Task item ->
Go to the line holding "8月17日下午,比亚迪集团执" in the data below. Return it and each line after it through the last, exactly, and skip the pictures.

Collected data ->
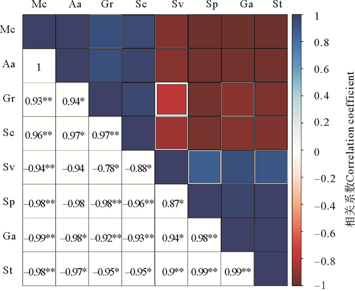 ( Mc代表水分含量(%),Aa代表α-淀粉酶活性活性(%),Gr代表萌发率(%),Sc代表可溶性糖含量(%),Sv代表种子活力(%),Sp代表可溶性蛋白(%),Ga代表再萌发率(%),St代表淀粉含量(%)。代表差异显著,代表差异极显著。Mc represents moisture content(%); Aa represents α-amylase activity(%); Gr represents germination rate(%); Sc represents soluble sugar content(%); Sv represents seed vigor(%); Sp represents soluble protein(%); Ga represents regermination rate(%); St represents starch content(%). represents significant difference, and represents very significant difference. ) 图 12 鳗草种子萌发的生态学指标与生理学指标的相关性分析 Fig. 12 Correlation analysis of ecological and physiological indexes of seed germination in eelgrass |
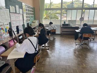 今日、本校では地震・津波避難訓練を実施しました。悪天候が予想されたため、各クラスでの防災学習を実施しました。1年生も真剣なまなざしでスクリーンを観て、防災への知識を深めたところです。
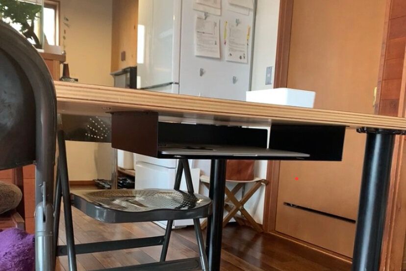 収納ラックの高さも7cmと薄めなので、テーブルの椅子に座っても脚に当たることはありません。
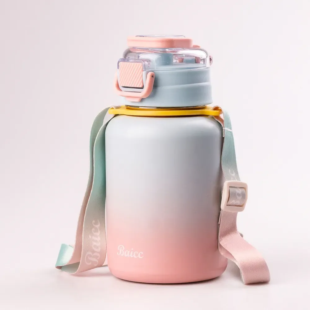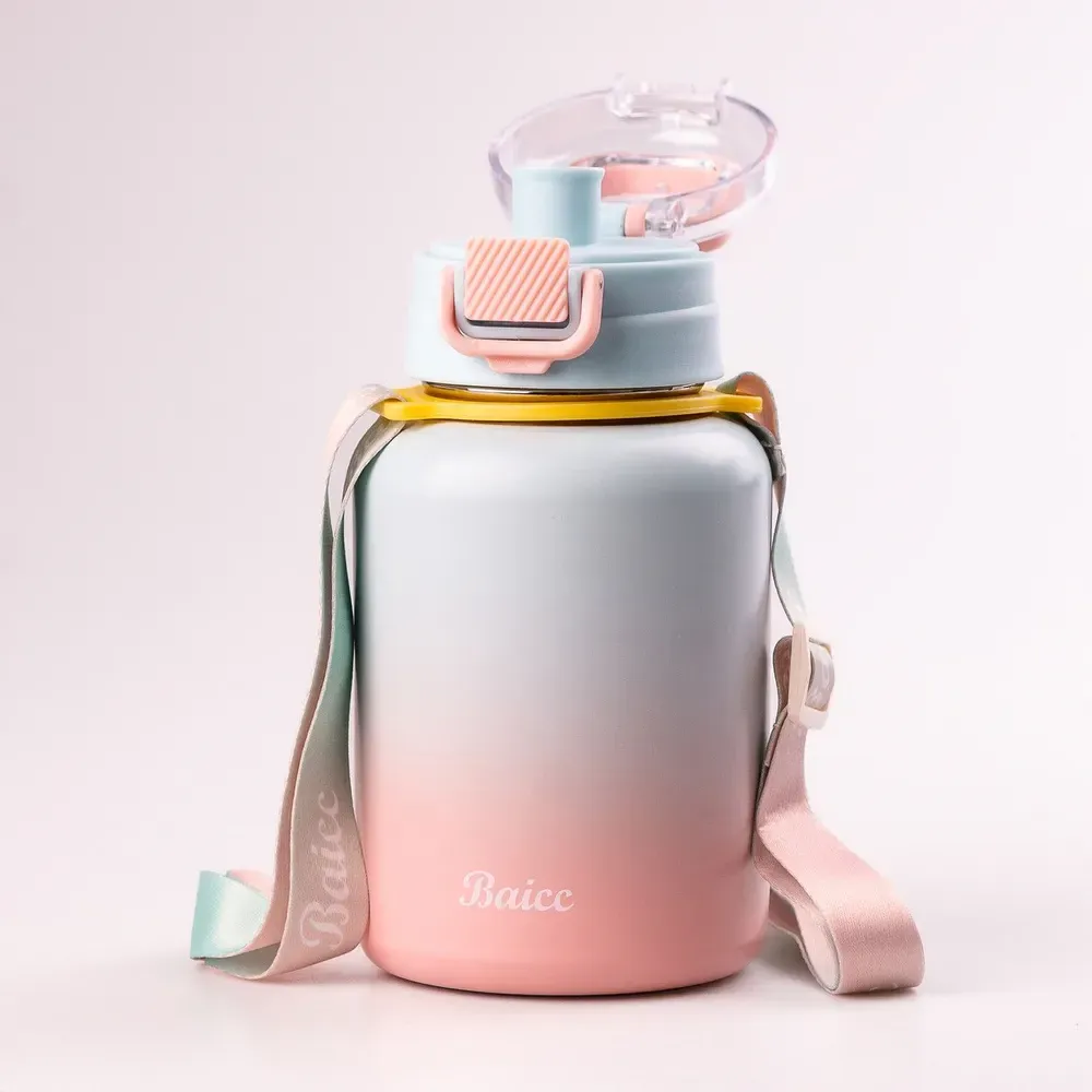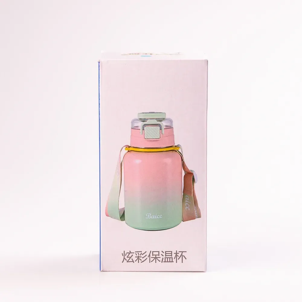 Термос с трубочкой и ремешком 600 мл из нержавеющей стали до 12 часов.
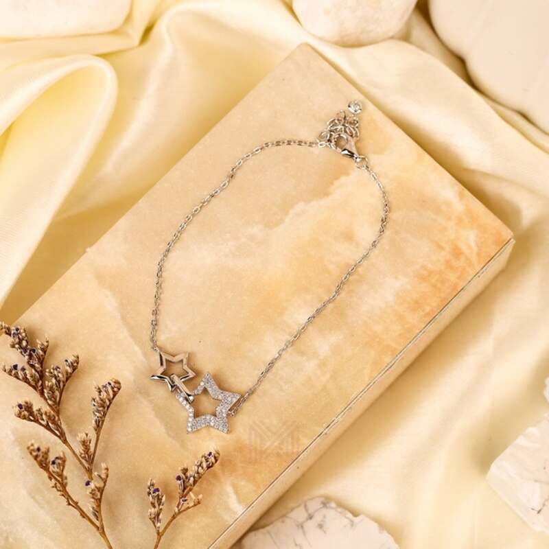 MILLENNE Millennia 2000 Dual Star Cubic Zirconia Silver Bracelet with 925 Sterling Silver
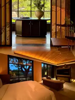 Public Areas: The public spaces feature many Japanese garden-style designs, with picturesque views at every turn and solid material choices. The lobby, the pavilion atop the tea room, the interior of the tea room, the meditation room, and the swimming pool are all excellent spots for photography. The play of light and shadow is mesmerizing, and the amenities are comprehensive, including a coffee bar, tea room, bar, and media room.
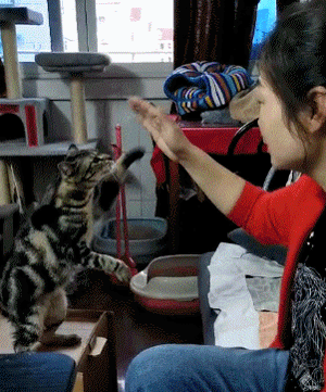 另外呢,**三三有狗一樣的行為習慣。**光能遛這一點,就勝過大多數貓了,平時我們在家,它會跟進跟出。如果我們進了浴室洗漱,它就會非常擔心,一定要跟進來親眼確認,若見到我們渾身濕漉漉,會急得“喵喵”叫,可能是操心我這麼大了還不會自己舔毛,也有可能是怕我在浴室裏淹死自己。
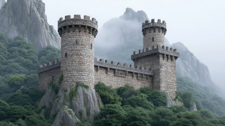 A breathtaking stone castle rises amidst a misty mountain backdrop, surrounded by vibrant greenery. This enchanting scene evokes a sense of history and adventure.
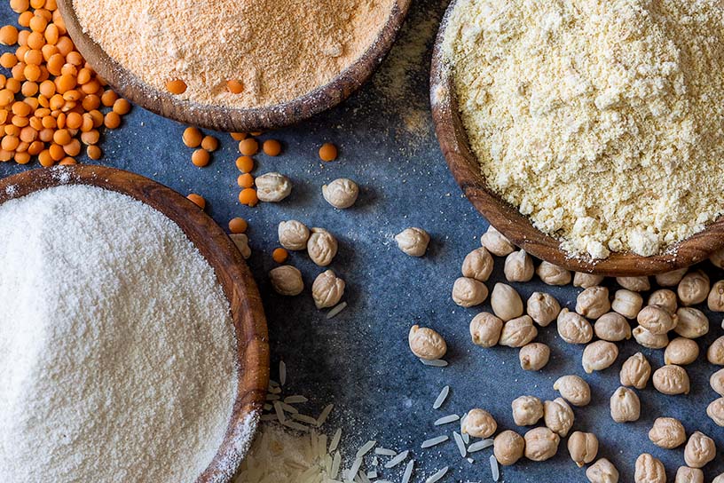 Met de klok mee, vanaf boven af: zelfgemalen meel van rode linzen, kikkererwten en rijst. Van kikkererwtenmeel kan je heerlijke Indiase pannenkoekjes of platte broden bakken, die ook nog eens glutenvrij zijn. Rijstmeel gebruikt je onder andere voor het bestrooien van een houten bakvorm (speculaasplank).
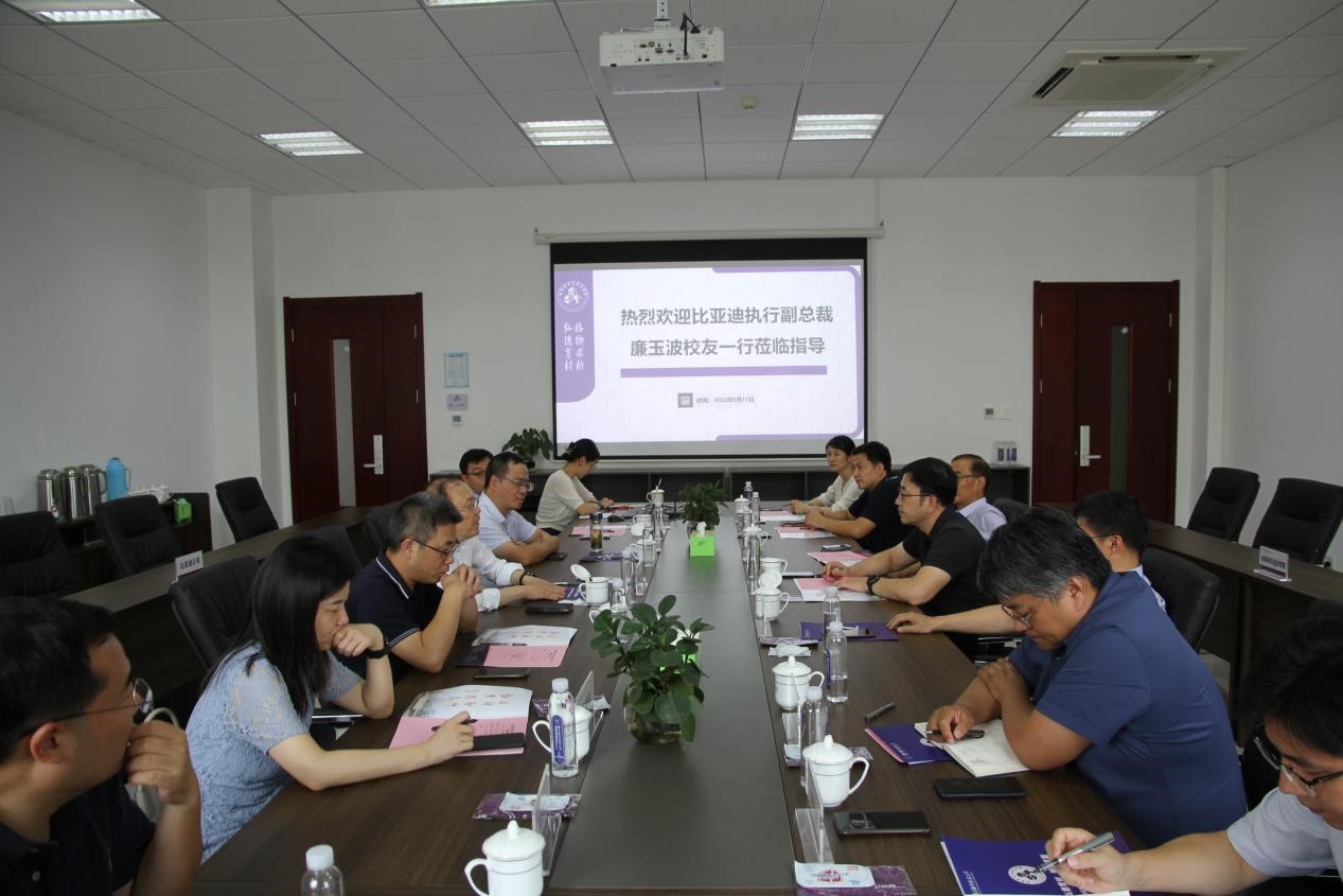 8月17日下午,比亚迪集团执行副总裁、杰出工程师廉玉波校友一行来访学院交流指导。学院党委书记石勇、院长张校刚,院领导班子成员、部分教师代表参加了本次交流会。会议由学院党委书记石勇主持。
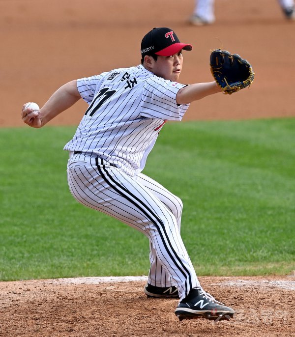 11일 서울 잠실야구장에서 ‘2021 신한은행 SOL KBO리그’ LG 트윈스와 kt 위즈의 경기가 열렸다. 6회초 무사에서 LG 함덕주가 구원 등판해 볼을 던지고 있다.
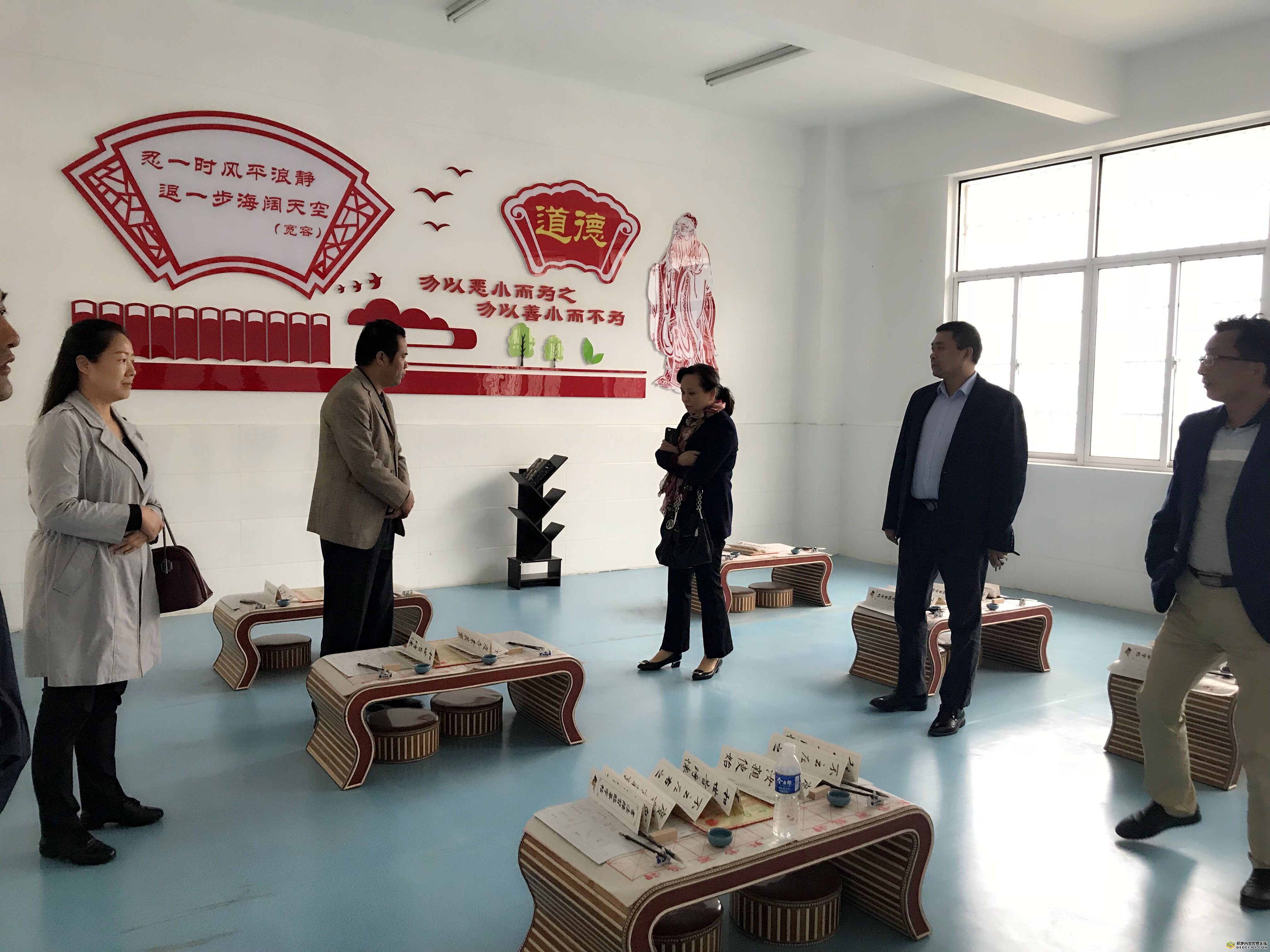 金主席一行还参观了团建、道德学堂场地,对我们学校其他的场地建设也是赞赏有加。金主席说:场地建设工作做得很好,但是还有待加强,希望我们下次再来的时候,你们这里又不一样!董事长胡春森说:请领导放心,肯定会的。希望领导们以后经常过来指导,我们还在成长的初期,希望领导多多指教。

Output for this task ->
 8月17日下午,比亚迪集团执行副总裁、杰出工程师廉玉波校友一行来访学院交流指导。学院党委书记石勇、院长张校刚,院领导班子成员、部分教师代表参加了本次交流会。会议由学院党委书记石勇主持。
 11일 서울 잠실야구장에서 ‘2021 신한은행 SOL KBO리그’ LG 트윈스와 kt 위즈의 경기가 열렸다. 6회초 무사에서 LG 함덕주가 구원 등판해 볼을 던지고 있다.
 金主席一行还参观了团建、道德学堂场地,对我们学校其他的场地建设也是赞赏有加。金主席说:场地建设工作做得很好,但是还有待加强,希望我们下次再来的时候,你们这里又不一样!董事长胡春森说:请领导放心,肯定会的。希望领导们以后经常过来指导,我们还在成长的初期,希望领导多多指教。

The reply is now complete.